I dont know what to say. Wise in a way- to start off part time and see what comes. But a little not-so-wise to waste her degree for a job that requires no degree at all. Maybe I'm just too realistic. Kill-joy. Anyway, I wish her all happiness and I have the feeling that she will make it. If there is one person in this world who has all the luck, she's the one... (i never meant to imply or apply that she's got no substance, she's a dean's list student, mind you).
Which leads me to the thought. Should I also do smthg tht I like? But I wouldnt say that I have a 'dying passion' for anything at all. I like a lot of stuff- sports, music, theatre, cooking and a little bit of dance (for fitness) as well as writing. But I wouldnt go as far as to enrol myself in any course or even quitting my job for my interest.

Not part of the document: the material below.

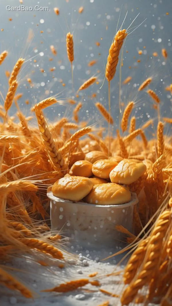 五谷丰登年糕,漂亮可爱,柔软黏糯,半透明,极光色彩,光泽靓丽,唯美梦幻,雾化效果,糕点质感,明亮稻穗麦穗糖霜色调,白色白色背景,极简,超现实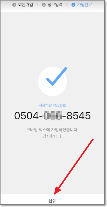 이제 다 끝났습니다. 보이는 번호가 부여받으신 팩스번호입니다. "확인"을 누릅니다.

I do have plans to leave the profession in the future but that would take place probably in the next 5 years time or later. Got to iron out some issues and strategies first before making that giant leap...
Anyway, back to passions and interest and working for what i like and not for money and all that whole issue. I thk the main problem with me is not my indecisiveness of what to do but rather, I cannot commit to what I want to do. My current job requires me to hv free time at night coz I wouldnt know when I have to stay till late to complete my work. And then there is this thing about relations with friends and family which, if I were to pursue a part time job I would have to sacrifice the only free time I have to catch up with them. I still meet up with my old school mates, uni mates, church mates and some new friends (not many tho) and I dont wish to see myself drifting away from my friends for some kind of part time job or class or whatever. Even if I dont meet up with anyone, I still would rather spend the quality time that I have with myself just to rest and do what I want, alone.
I think the only motivation for me to start picking up a new skill is just to meet new people. I always seek to expand my network. Get to know more people. I'm already a full-grown working adult, so I should build up my network of yuppies for more exposure to the world outside. Maybe that is the only motivation for me to take up a course. Ok, besides the hope that my interest would actually pay me thousands of ringgit (or other higher currency) for practising it. Which, in fact has a probability of 50% or less...
So, just for the fun of it, i think i would take up tennis (from whr i stopped a long time ago) which is achievable thanks to the Kelab Sukan and maybe...theatre. But i wont make a career out of any. If (IF) i were to jump, perhaps smthg like writing and events would be a better choice for me. On a fun note, i would like to try modelling (OK, I know I am NOT model material, face not pretty, body got fats here and there and I dont have tofu skin and Pantene hair) and DJ-ing (Yes, I also know that I am NOT DJ material either, I am not eloquent enough). That's why la I said 'on a fun note'. Just for fun.
So what do I do in the end? Just wait and see what God has in store for me.